If young trees are planted in a denser array than old trees, one might expect that the collective uptake of carbon by a suite of young trees might exceed the carbon uptake of a single, large, old tree. Indeed, this is the basis of much plantation forestry. However, when the canopies of the trees begin to overlap, leading to shading and competition, the weaker trees will die, so that the final density and total biomass of the surviving trees will be similar regardless of initial density. Although trees may grow at different rates, there is little opportunity to design forests that will have a significantly greater final total biomass by planting decisions alone.
Trees and Water:
It is worth considering the other attributes that trees cast upon our environment. Trees take up water from the soil. A small portion of the water is consumed in photosynthesis, but a much larger portion (1000X or more) is simply evaporated from the leaves, in a process called transpiration. Transpiration keeps the leaves cool and inadvertently provides regional cooling, because each gallon of water lost as vapor to the atmosphere carries away heat—known as latent heat—that would otherwise remain to warm the environment. One doesn’t need much experience to recognize that suburban parking lots are warmer than shady lawns on a summer day—that is transpiration in action. This cooling effect of trees overwhelms the greater reflectivity of bare surfaces. One recent scientific paper suggests that the loss of water by urban trees has a cooling effect that is 4X more effective in managing climate change than their uptake and storage of carbon dioxide.

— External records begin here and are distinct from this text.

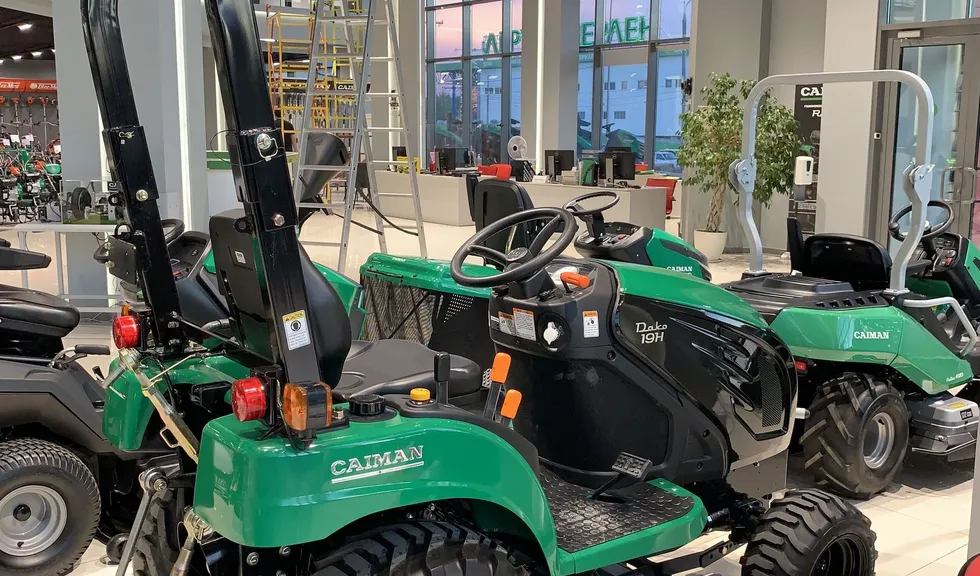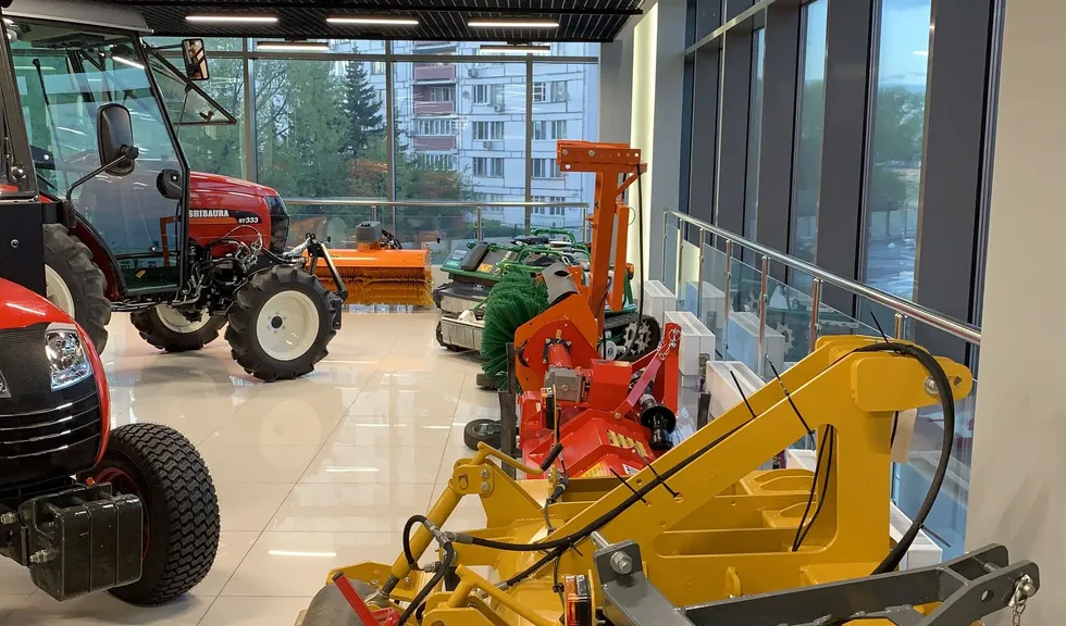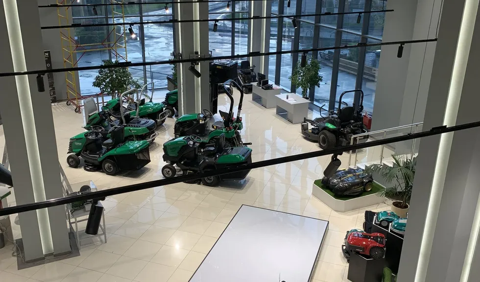 Сегодня на месте «Армстронга» — черный матовый потолок «Грильято». На его фоне линии трековых систем смотрятся стильно, подчеркивая техническую направленность шоурума. В выставочном зале с высокими потолками применяется комбинированное освещение: трековые светильники цилиндрической формы для расстановки световых акцентов и компактные встраиваемые даунлайты на потолке для основного освещения. Такое сочетание позволило создать в шоуруме гармоничный и комфортный свет для осмотра садового оборудования.
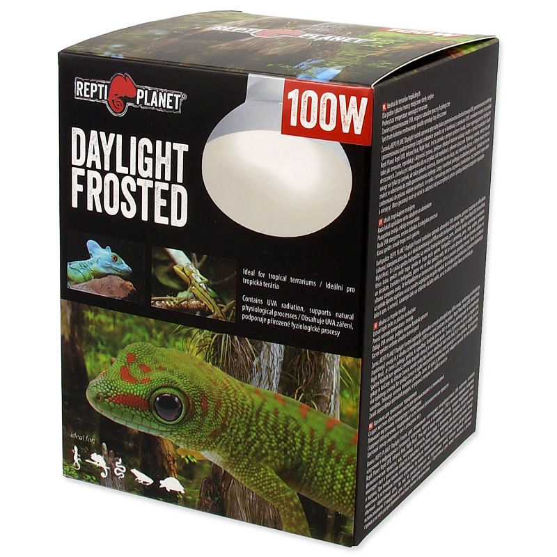 Žárovka REPTI PLANET Daylight Frosted poskytuje optimální poměr ultrafialového UVA záření, světelného záření a infračerveného (tepelného) záření a je ideální v kombinaci s UVB a nočními žárovkami (např. Repti Planet Repti UVB, Infrared Heat, Night Heat). Jedná se o širokospektrální žárovku, která podporuje fyziologické procesy jako je např. aktivita, příjem potravy a rozmnožování. Studené barevné spektrum imituje světlo v tropických oblastech a deštných pralesích. Žárovka je vhodná např. pro tropické žáby, gekony a ještěry.
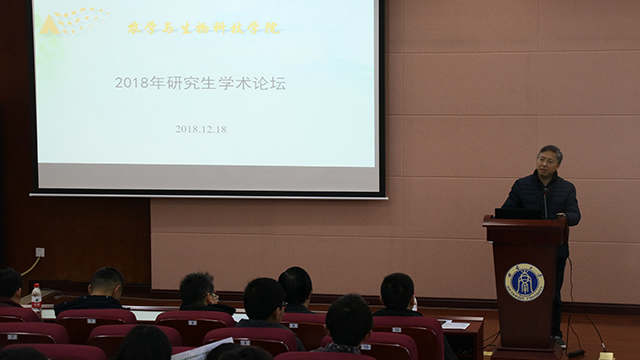 为了营造校园学术氛围,增强学院研究团队的交流与合作,鼓励广大师生潜心研究,勇于创新,共同促进学院生物学领域的蓬勃发展。12月18日,农学与生物科技学院在隆平楼2楼报告厅举办2018年研究生学术论坛。学院部分教师、全体博士及硕士研究生出席此论坛。
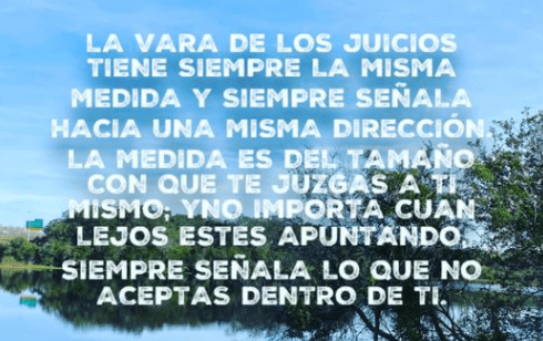 El que te juzga es porque se juzga a si mismo. Todo se trata de cada uno. Solo nos conocemos en nuestro trato hacia los otros . Si estás hecho de chocolate no puedes entregar fresas. Cada uno da lo que lleva dentro. La vara la sostienes tú , solo tú puedes decidir disminuir tus propios juicios hacia ti y así disminuir la medida de tu propio dolor llenándote de paz, comprensión y amor hacia ti mismo . De lo que estés lleno es lo que saldrá de ti.
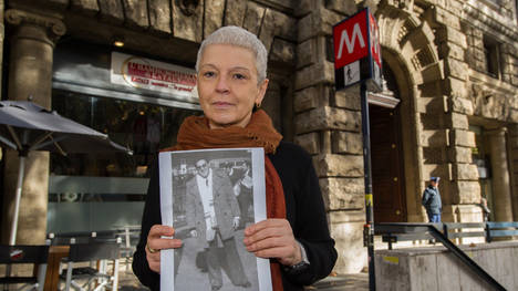 Cristina Mihura con la foto de Bernardo Arnone, frente al consulado argentino en Roma donde presto declaración por Operación Condor en video conferencia con magistrados Baires.
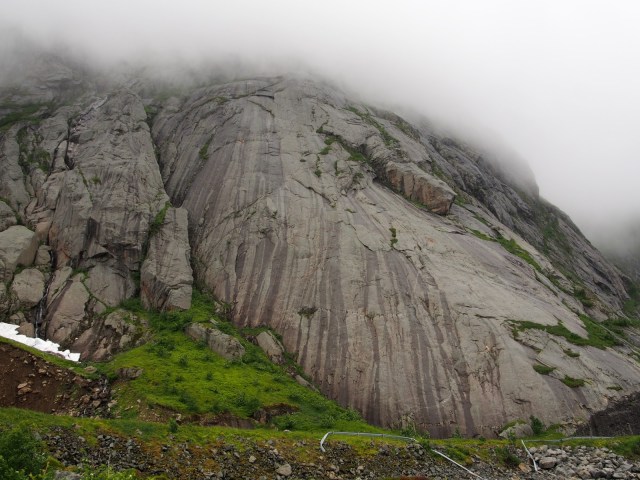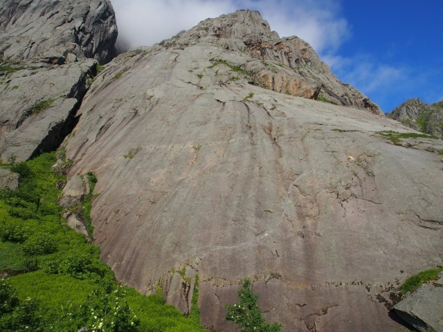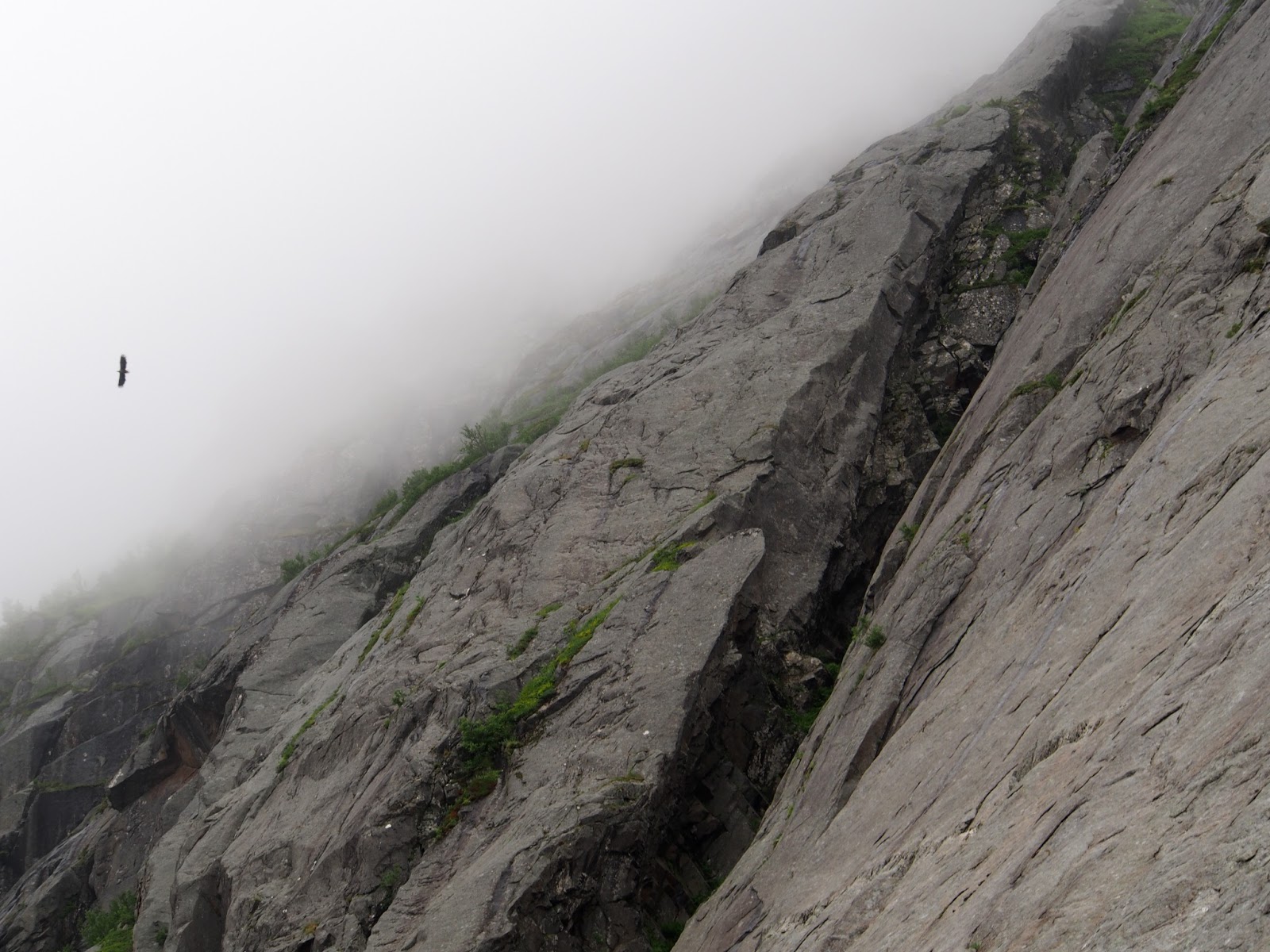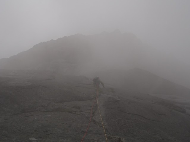 Seitsemäs kp oli taas minun, eikä näyttänyt niin kovin houkuttelevalta. Sade sentään oli loppunut, mutta mistään kitkasta ei ainakaan tossujen alla tuntunut olevan tietoakaan. Varmistuspaikkojen kanssakin oli vähän niin ja näin, mutta koska greidi nyt ei todella ollut mikään kummoinen oli oletuksena että homma näkyvissä olevan tömpyrän jälkeen helpottuu. No, eipä sitten helpottunut..tömpyrän yläpuolella oli pelkkää märkää släbiä, ilman mitään varmistuspaikkaa taikka mainittavia otteita. Yritin löytää reittiä vielä oikealta koukaten, mutta lopulta ei auttanut kuin ottaa pakit ja laskeutua ankkurille kahdesta vähemmän hyvästä kamusta. Mikko kävi vielä kokeilemassa onneaan, mutta yhtä märkää släbiä oli edessä toisellakin silmäparilla katsottuna ja päätettiin lopulta ottaa nöyrästi pakit heti ekalta kiipeilyreitiltä.
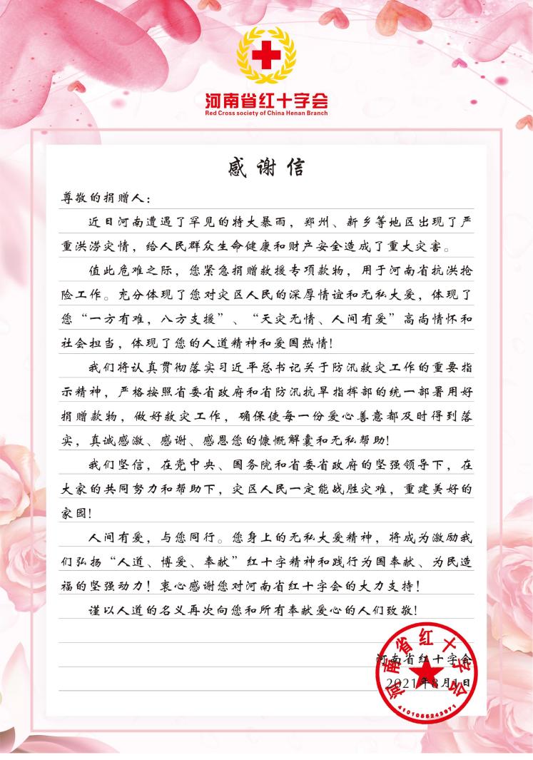 河南省因遭遇突发强降雨,郑州等地遭受特大水灾。一方有难八方支援,灾难面前,应当齐心协力,共面灾情。为帮助郑州洪灾区人民渡过危机,公司倡议全体员工向灾区伸出援助之手,奉献爱心,捐赠善款,帮助灾区人员抗洪救灾,重建家园。
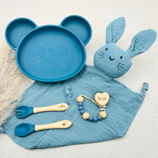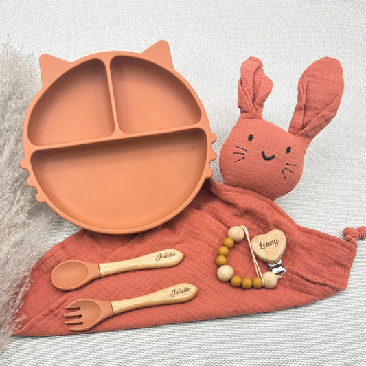Coffret repas bébé personnalisé – Assiette chat, doudou lapin, attache tétine & couverts gravés
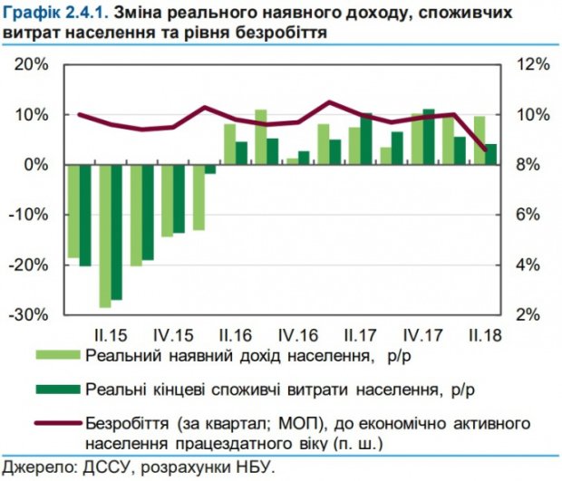 Фінансисти підкреслюють, що у 2018 році фінансовий стан домогосподарств продовжував поліпшуватися. У І півріччі 2018 року реальний наявний дохід населення зріс на 9,8% р/р, але поки становить 82% від рівня 2013 року.

Large trees take up and transpire more water than small trees, largely due to their greater leaf area. Large trees are typically more deeply rooted, so they remove water from the soil to greater depths and are also more resistant to short-term summer drought. Depending on size and species, urban trees can use between 1 and 60 gallons of water each day. Total water loss by trees will depend on how big they are and how many of them are on the landscape. All these statements are also conditional on what species we are considering. Some species, like sycamore, are profligate users of water in all conditions; others, like hemlock are miserly in their transpiration. Overall, a complete canopy of deciduous trees is likely to remove the equivalent of 4 mm/day of rainfall from the soil. We can expect the cooling associated with a canopy of large, old trees will be greater than that associated with a few smaller trees planted in an open lawn.
Trees and Soil Erosion:
By slowing the movement of water off the land surface, binding soil particles with their roots, and enhancing the water uptake-capacity of the soil, trees also slow the erosion of soils. Floodplains or riparian areas with a natural growth of trees are an important part of flood control. These areas add capacitance to the system—storing water during periods of high flow and releasing it to streams during periods of low flow. Trees in these habitats also remove plant nutrients from floodwaters, improving the quality of water downstream.
Trees and Air Pollutants:
Trees also remove pollutants, such as ozone and nitric oxide (NOx), from the atmosphere. Again, the process is dependent upon leaf area, rather than size, so one must consider whether an array of small trees has greater or lesser leaf area than a single large tree. The concentration of NOx controls the formation of ozone, and trees are important in removing NOx from the atmosphere. Thus, trees reduce the regional concentration of ozone, which is a toxic air pollution that exacerbates asthma, emphysema, and other respiratory diseases.